But the electoral alliance of his top rival, former president Robert Kocharyan, swiftly contested the vote results and alleged election fraud.
The vote has been seen as a two-horse race, with both Pashinyan, 46, and Kocharyan, 66, drawing massive crowds in the run-up to the polls.
Preliminary results from Sunday’s polls showed Pashinyan’s party leading with 57% of the vote, far ahead of Kocharyan’s alliance with 19%.
Official results based on ballots from more than 60% of precincts counted showed one other party garnering more than 5% of the vote needed to get seats in parliament.
“The people of Armenia gave our Civil Contract party a mandate to lead the country and personally me to lead the country as prime minister,” Pashinyan announced early on Monday.
“We already know that we won a convincing victory in the elections and we will have a convincing majority in parliament,” he added, urging supporters to turn up at Yerevan’s main square Monday evening.
Kocharyan’s electoral bloc said it would not recognise Pashinyan’s quick claim to victory, which came when just 30% of precincts had been counted.
“Hundreds of signals from polling stations testifying to organised and planned falsifications serve as a serious reason for lack of trust,” the bloc said in a statement, adding it would not “recognise” the results until the “violations” were studied.
Earlier on Sunday evening, the general prosecutor’s office said it had received 319 reports of violations. It said it had opened six criminal probes, all of which concerned bribes during campaigning.
The vote was being followed by Armenia’s Soviet-era master Russia, arch-foe Azerbaijan and Turkey, which backed Azerbaijan in the six-week war over the breakaway region of Nagorno-Karabakh last year.
Despite stifling heat, nearly 50% of around 2.6 million eligible voters cast their ballots, election officials said. Some observers said turnout in the South Caucasus country of three million people was higher than expected.
During a campaign marred by polarising rhetoric, Pashinyan had said he expected his party to secure 60% of the vote. Election officials said the vote was conducted in accordance with Armenia’s legislation.
Kocharyan was himself accused of rigging a presidential election in favour of his hand-picked ally and presiding over a deadly crackdown on protesters in 2008.
Armenia won international praise for holding its first free and fair vote under Pashinyan in 2018.

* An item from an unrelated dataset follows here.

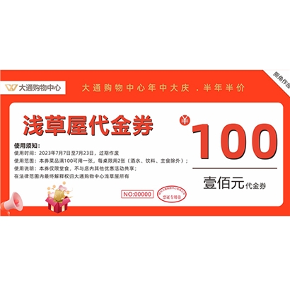核销地点:大通购物中心负一楼服务台

On the streets of Yerevan on Sunday, Armenians voiced conflicting opinions about Pashinyan. Voter Anahit Sargsyan said the prime minister, who spearheaded peaceful protests against corrupt elites in 2018, deserved another chance. She said she feared the return of the old guard whom she accused of plundering the country.

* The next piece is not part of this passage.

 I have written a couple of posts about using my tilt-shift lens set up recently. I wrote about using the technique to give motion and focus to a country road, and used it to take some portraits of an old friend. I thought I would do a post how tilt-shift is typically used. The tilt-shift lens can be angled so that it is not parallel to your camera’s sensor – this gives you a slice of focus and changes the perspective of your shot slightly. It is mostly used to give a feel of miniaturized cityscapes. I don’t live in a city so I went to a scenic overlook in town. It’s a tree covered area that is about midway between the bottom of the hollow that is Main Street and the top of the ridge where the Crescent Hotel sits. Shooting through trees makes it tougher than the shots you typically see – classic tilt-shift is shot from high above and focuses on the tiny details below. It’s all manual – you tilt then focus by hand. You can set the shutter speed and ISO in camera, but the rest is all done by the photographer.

“I voted against a return to the old ways,” said the 63-year-old former teacher.
Another voter, Vardan Hovhannisyan, said he had cast his ballot for Kocharyan, who calls Russian leader Vladimir Putin his friend.
“I voted for secure borders, solidarity in society, the return of our war prisoners, the well-being of the wounded and a strong army,” said the 41-year-old musician.
Critics blame Pashinyan for having ceded territory in and around Karabakh to Azerbaijan in a humiliating truce agreement, and accuse him of having failed to deliver reforms.
Pashinyan has said he had to agree to the Moscow-brokered peace deal with Azerbaijan in order to prevent further human and territorial losses.
More than 6,500 people were killed in the war, according to the latest official figures from Armenia and Azerbaijan.